Dana Milbank, in a nutshell
Written by Jamison Foser
Published
BooMan on Milbank:
There was a brief period of time, probably in 2004, when I thought Dana Milbank was doing a decent job of showing a sane level of skepticism about the Bush administration's pronouncements and behavior. He wasn't striking for his wit or his moral outrage. He just stood out as someone who was occasionally willing to call bullshit in a town where that seemed never to happen. His schtick appeared to be irreverence of a kind slightly more substantive than that provided by Lady Dowd. But something changed. If I had to guess, what changed is that Milbank started getting invites to be on the cable news. And that made him somebody. He joined the Big Boys like Howard Fineman and Ron Brownstein. His opinion was supposed to move the national discourse. ...
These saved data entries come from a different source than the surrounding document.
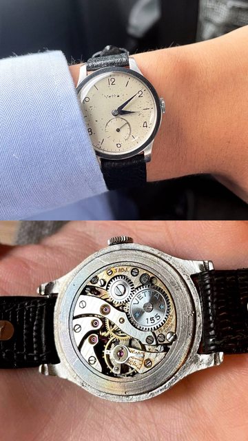 一只文到不行,而且殼型與打磨仍然保持原裝的小三針90歲古董錶。有氧化呈奶油色澤的面盤、厚重且光澤耀眼的藍鋼指針、更有32mm的小錶徑再加上打磨精美的機芯,其中導角打磨、砝碼擺輪、黃金套筒與三指夾板一樣不缺,再加上完美的上鏈手感與18000bph 的震頻,符合我對古董文錶的一切想像。
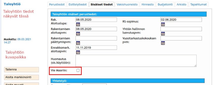 - Lisää PDX:ssä taloyhtiön sisäisissä tiedoissa “Siirrä järjestelmään”
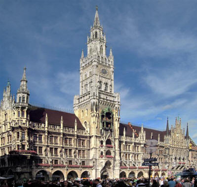 I got back to the hotel and changed and at 9:35 we walked a couple of blocks through Marienplatz. Here are two PhotoStitch shots of the Neues Rathaus which I have photograhed so many times. This time it is free of scaffolding.
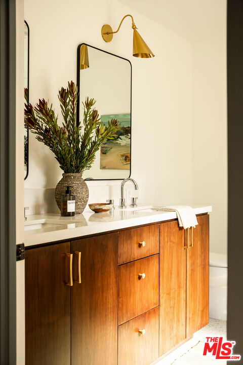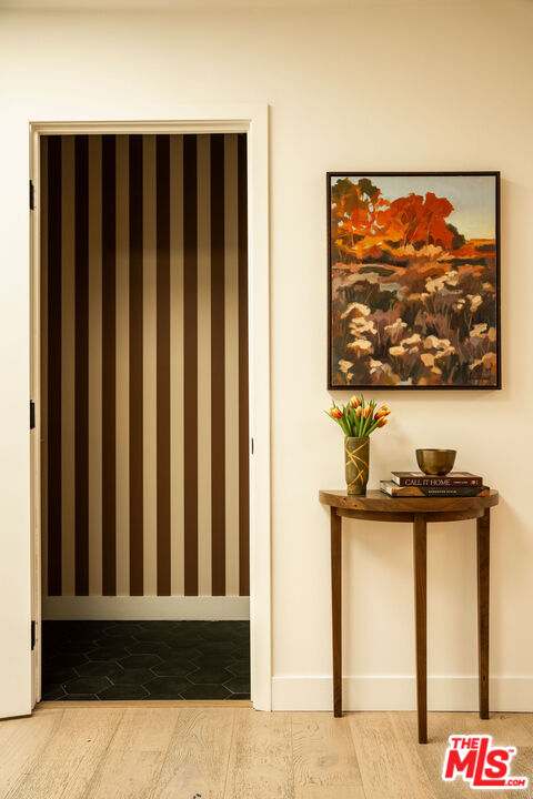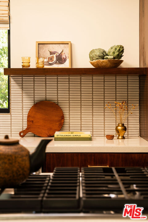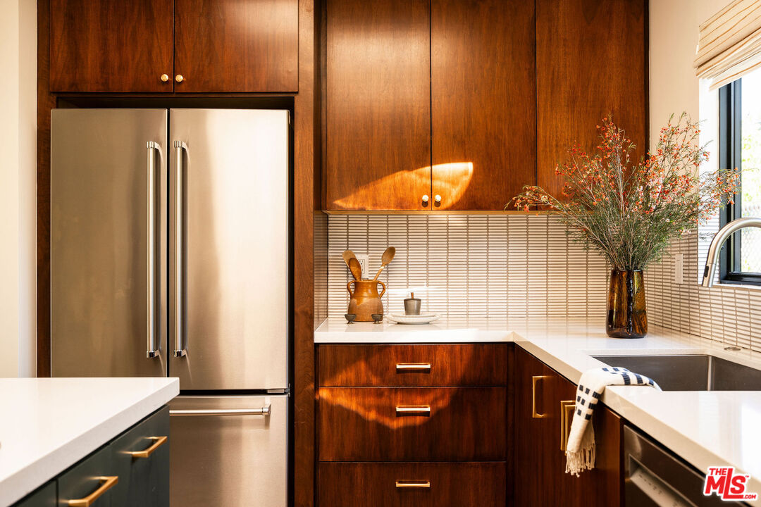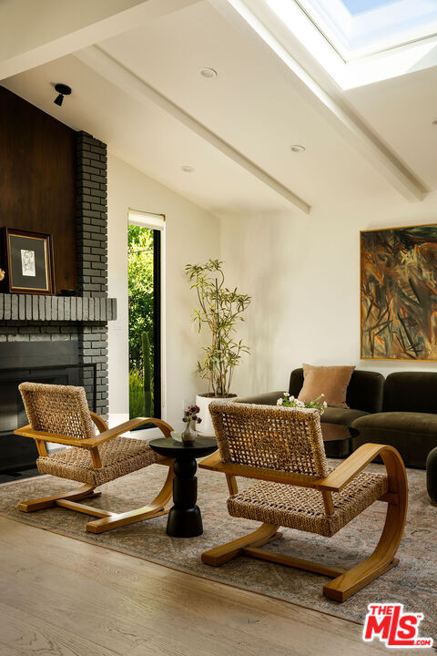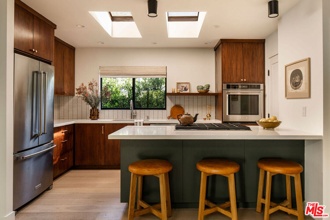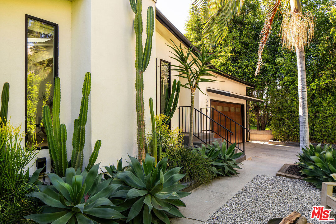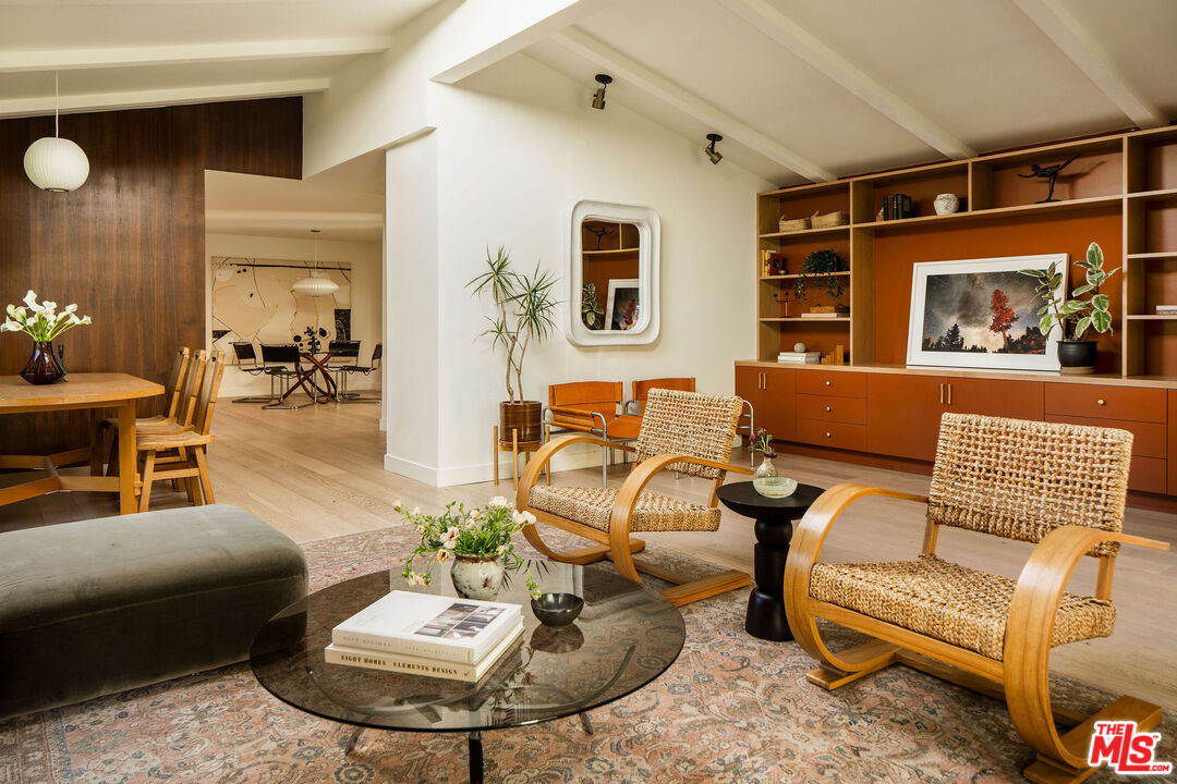 Located in the Franklin Hills neighborhood of Los Feliz, this renovated Mid-Century-inspired 3 bed, 2.5 bath residence sits privately behind hedging and gates within the coveted Franklin Elementary School district (per LAUSD). Framed by sculptural cacti and drought-tolerant landscaping that echo the home's clean architectural lines, the property offers a thoughtful blend of modern, elevated design and easy California living. Inside, vaulted beamed ceilings and new Velux skylights with solar-powered shades fill the home with natural light, highlighting its open layout and curated finishes. The living room serves as the heart of the home, anchored by a chic brick fireplace and picture windows overlooking the front yard. The space flows effortlessly into the dining area set against a beautiful walnut accent wall, where a Herman Miller George Nelson Bubble Lamp hangs overhead -- an ideal setting for both lively dinner parties and quiet evenings at home. The adjacent kitchen pairs warm walnut cabinetry with a glazed tile backsplash, stainless steel appliances, a large pantry, and a peninsula with bar seating. A stylish breakfast nook sits beneath another Herman Miller pendant, while a charming powder room wrapped in striped Sandberg wallpaper is perfect for guests. Just off the breakfast space, sliding doors open to a private patio, creating an easy connection for outdoor relaxation and entertainment. The home offers three bedrooms, including a spacious primary suite with vaulted beamed ceilings, a generous walk-in closet, and direct access to the backyard. The spa-inspired bath includes terrazzo tile floors, a dual vanity, a soaking tub, and a walk-in shower. Two guest bedrooms with skylights, a beautifully designed hall bath with statement tilework, and a spacious laundry room with a sink complete the home's thoughtful layout. The property is entirely fenced and gated, with several outdoor areas including a back grassy lawn and a paver-stone patio, perfect for dining under the stars. An oversized two-car garage with an EV charger and a gated driveway provides convenience and secure parking. Ideally situated on the cusp between Silver Lake and Los Feliz, the home is a short distance to the commercial offerings on Hyperion Avenue -- Speranza restaurant, Trader Joes, Gelsons, Rodeo Fitness - and the vibrant shops and restaurants of Los Feliz Village -- including All Time, Maru, MUD, and Little Dom's -- plus the hiking trails and open space of Griffith Park. Private, chic, and ideally located, this stunning residence showcases thoughtful design and the best of Eastside living.
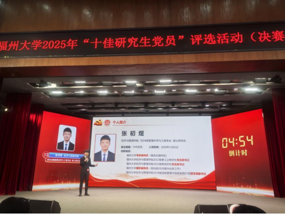 12月12日,由福州大学党委组织部主办的2025年“十佳研究生党员”评选活动在旗山校区博学厅圆满结束。经济与管理学院2024级硕士研究生张初煜凭借过硬的政治素养、扎实的学业能力与突出的理论实践成果,经层层遴选与综合考评,成功获评校2025年“十佳研究生党员”,彰显学院党建育人成效与学子卓越风采。
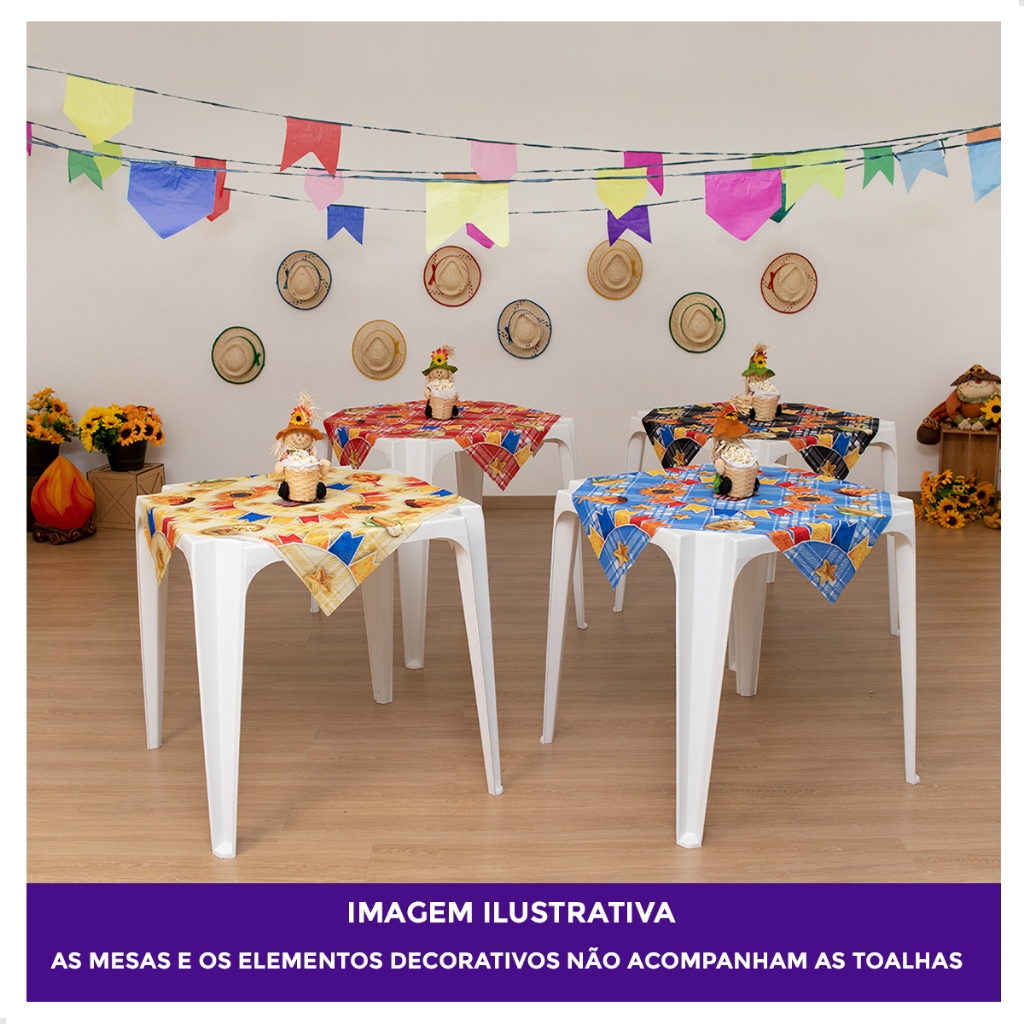 Toalhas de Mesa Festa Junina em Tecido 75x75cm 4 unidades Pipoca
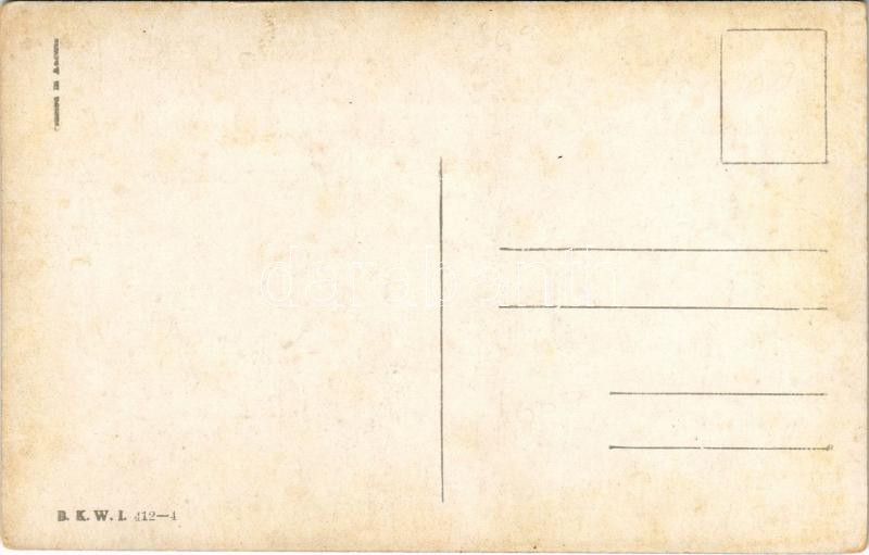 Leírás: Winter sport art postcard with four-man controllable bobsled, bobsleigh, sledding down, humour. B.K.W.I. 412-4. s: Carl Josef (worn corners)
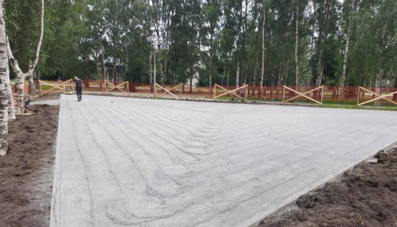 Работы идут в рамках программы о комфортной городской среде, подрядчик уже завершает обустройство основания.
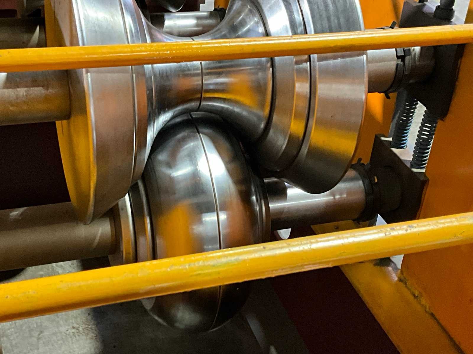 Verstelbaar aanvoerstation met 5 rollen (900x700x360) Werkbreedte 630 mm. 12 rolstations met dubbele horizontale assen. Verstelbare geleidingen. Precisie lagers per station. Hydraulische aggregaat (1000x600x1100 mm) met 4 kW aandrijving. Hydraulische knipunit. 20 kVA Cheng Hsuan transformator. Voorzien van decoiler (1300x700x1100 mm) Inclusief rollenbaan (3000x1020x760 mm) Nee Merk: Pinnacle Type: RIDGCAP XG-400 Productgrootte b: 630mm Aansluiting: 380V Machinegewicht: 6000kg Afmeting l: 7112mm Afmeting b: 1030mm Afmeting h: 1720mm

He lost his outsiderish up-and-coming edge. His condescension stopped reaching up and started hammering down. Instead of telling us that our betters are full of crap, he told us that his lessers were unworthy. And, at some point he reached a stage of inness where he felt comfortable enough to wallow in his sense of accomplishment and to develop a sense of entitlement.
I have long thought that the worst thing that can happen to a journalist (from a quality-of-journalism standpoint, not from a paycheck standpoint) is becoming a regular guest on cable news. The way to get on, say, Hardball, is for Chris Matthews to think you have smart things to say. The way to get Chris Matthews to think you have smart things to say is to say things Chris Matthews agrees with. This has obvious flaws. It also, I think, contributes to a homogenization of viewpoints available in the media.
Theories about television aside, BooMan's contention that Milbank seems to have shifted from afflicting the comfortable and comforting the afflicted to the opposite seems right. Milbank's defenders often point out, as Howard Kurtz did today, that he was critical of the Bush administration. True -- though the Bush administration made it pretty hard not to do so. But those defenders never seem to remember Milbank's mockery of people who were trying to hold the Bush administration accountable, which drew rare criticism from the Washington Post's assistant managing editor and ombudsman.